Sim, durante a época no Gil Vicente a Elisabete engravida. O Diogo nasceu quando eu já estava em França. Era o meu primeiro filho, disse que tinha de vir a Portugal e o treinador dispensou-me um fim de semana. Fui vê-lo, voltei e passado um mês ela foi lá ter comigo.

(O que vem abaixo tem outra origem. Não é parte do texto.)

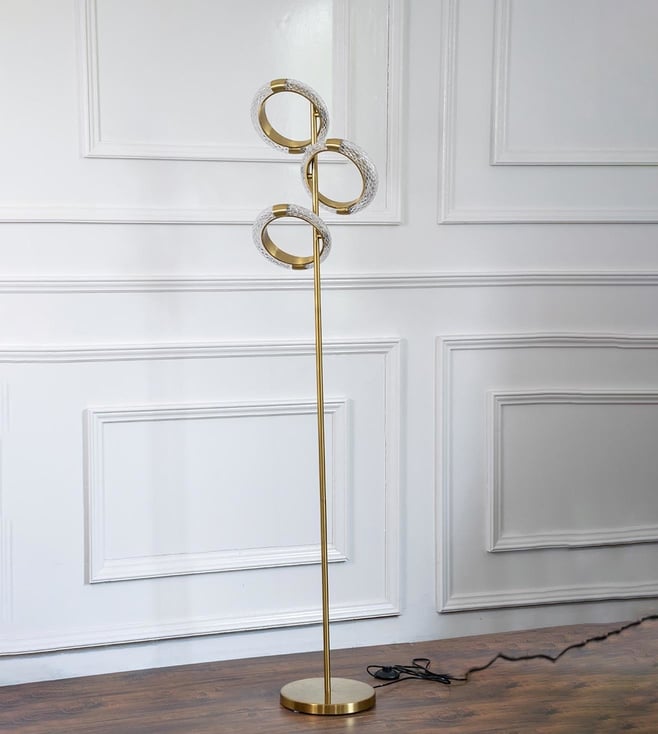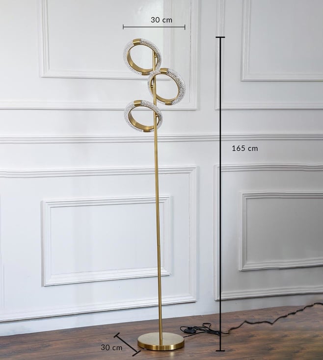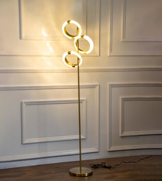Full of artistic vibes and dramatic finish, this stylish metallic floor lamp is perfect to level up the lighting set-up at your home decor. The eye-catching ring-like lights are attached in a combination of three on a sleek metal rod to introduce a chic decorative touch into your home decor. Proudly install it in the living room, bedroom or hallways. You can also use it for gifting your loved ones. Disclaimer: Product colour may slightly vary due to photographic lighting sources. Country of Origin - India.

No início foi para França sozinho. Receberem-no bem?
Clube fantástico, presidente dos melhores também, cidade espetacular. Infelizmente, não tive sorte porque as lesões acompanharam toda essa época, sempre por causa de pancadas. É que também tenho essa particularidade: nunca tive microroturas e roturas, o que quer dizer que fazia bem os exercícios, comia bem, tinha uma vida regrada. Porque esse tipo de lesões tem mais probabilidade de acontecer a quem faz outras vidas.

Era um jogo duro?
Era. Muita gente africana, com grande capacidade física e tive azar. Se calhar meti o pé onde não devia e levei três ou quatro pancadas que me arrumaram fisicamente. Ainda joguei uns 14 jogos no total.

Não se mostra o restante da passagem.